While the idea of money-laundering through casinos is nothing new –
and has been fodder for plots in Hollywood movies like "Casino" –
until recently, banks haven't been expected to take part in
regulators' and prosecutors' pursuit of such criminals.
Some bank executives grumble about the extent of the work they have
to do for government enforcement agencies now, and the penalty for
failure. Standard Chartered Plc said on August 6 that a computer in
its anti-money-laundering surveillance system made an error, which a
source said could trigger fines between $100 million and $340
million payable to New York State's financial regulator. In an
interview with Reuters on August 7, Standard Chartered Chief
Executive of Asia, Jaspal Bindra, said the penalties are unfair.

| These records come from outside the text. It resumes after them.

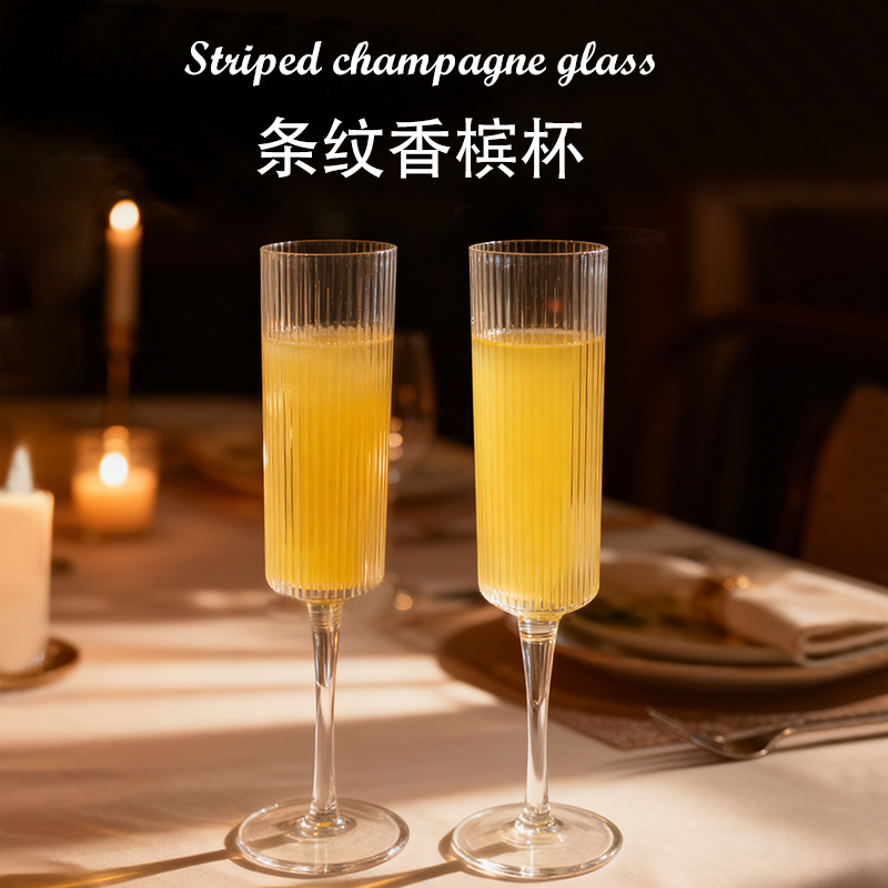 竖纹香槟杯180ml 条纹红酒杯塑料饮料杯果汁杯透明高脚杯亚马逊
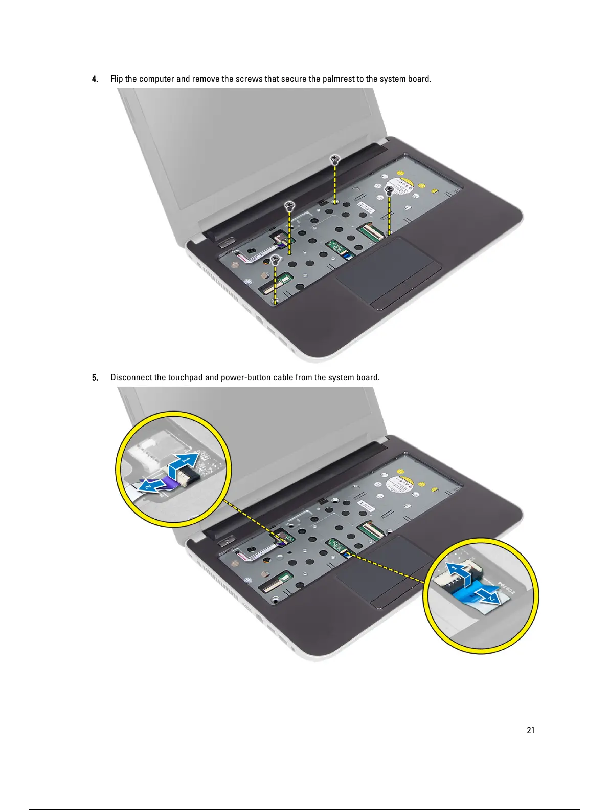 4. Flip the computer and remove the screws that secure the palmrest to the system board.
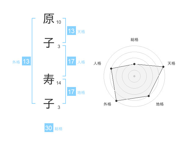 原子 寿子さんの外格は13画の5点!
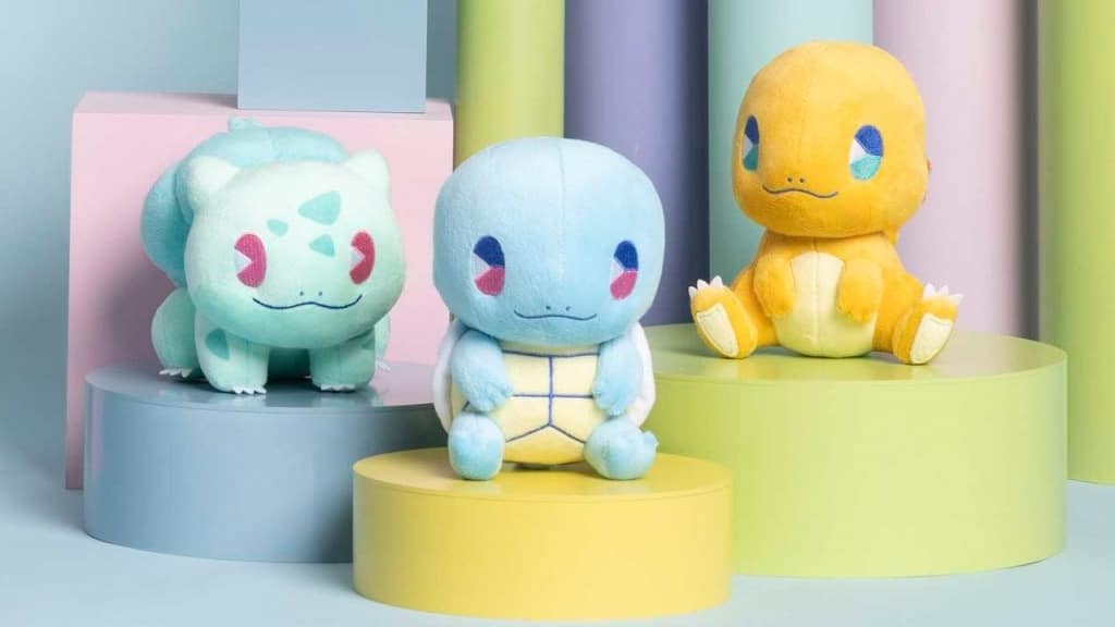 Pokémon Co. Pokémon Center Pokémon Soda Pop Plyšáci jsou měkcí, barevní plyšoví kamarádi, které inspirovalo umění F*Kaori! Kolekce Soda Pop obsahuje retro stylové plyšové postavičky z regionu Kanto, jako jsou Bulbasaur, Charmander a Squirtle. Plyšoví Pokémoni mají velké, přívětivé oči — a děti je mohou snadno nosit, objímat a hrát si s každým z nich nebo s celou kolekcí, která zahrnuje také Raichu, Togepi, Chikorita, Mew, Eevee, Jigglypuff, Psyduck, Mudkip a mnoho dalších postaviček.

"We are supposed to police that our counterparties and clients are
not money laundering," said Bindra, "and if when we are policing we
have a lapse, we don't get treated like a policeman who's had a
lapse, we are treated like a criminal."
Casinos were historically a popular place for criminals to launder
money because it was easy to make large-scale transfers through
casino accounts, and swap ill-gotten gains for chips, and back into
clean cash. Because of this, regulators have required casinos to
report suspicious or abnormally large transactions for a number of
years. That hasn't stopped the flow of illicit funds because
criminals have grown more sophisticated in working around the rules,
and because casinos have not always fully complied with the rules,
according to anti-money-laundering consultants.
In recent years, regulators have also become more aggressive about
enforcing the rules – on both casinos and banks. In 2012 financial
institutions agreed to pay $3.5 billion in anti-money laundering
infractions, up from the $26.6 million in 2011, according to the
Association of Certified Anti-Money Laundering Specialists.
In light of the enforcement actions and tough public statements by
federal authorities, banks have begun taking further steps to ensure
their casinos customers' accounts are legitimate. As opposed to
merely asking whether a casino has anti-money laundering programs,
banks are now reviewing them and conducting onsite work to test
their efficacy, said Adam Shapiro, a director specializing in
preventing money laundering at Promontory Financial Group.
"What we're seeing is some catch-up in oversight of other
institutions involved in transferring money," such as casinos,
The casino industry is just one of many that enforcement officials
have started targeting through banks to enforce laws.
The Department of Justice's "Operation Choke Point," which aims to
protect consumers from online scammers, has subpoenaed 50 banks that
process transactions for companies like payday lenders. Meanwhile,
the Consumer Financial Protection Bureau is penalizing banks
including Ally Financial Inc <ALLY.N> that fund loans made by auto
dealers, if the car sellers are found to have discriminated against
minorities or other protected groups.
Spokespeople at the CFPB and the Justice Department did not respond
to requests for comment. Spokespeople at Bank of America Corp,
Citigroup Inc, JPMorgan Chase & Co and Wells Fargo & Co declined to
TIME TO STEP UP
Preventing money laundering has become a higher priority for the
Department of Justice and other enforcement officials in recent
years, and banks have been a key target of enforcement actions. HSBC
Holdings PLC <HSBA.L> and JPMorgan Chase have been censured for lax
controls that did too little to prevent money laundering by Latin
American drug cartels and Ponzi schemer Bernie Madoff, respectively.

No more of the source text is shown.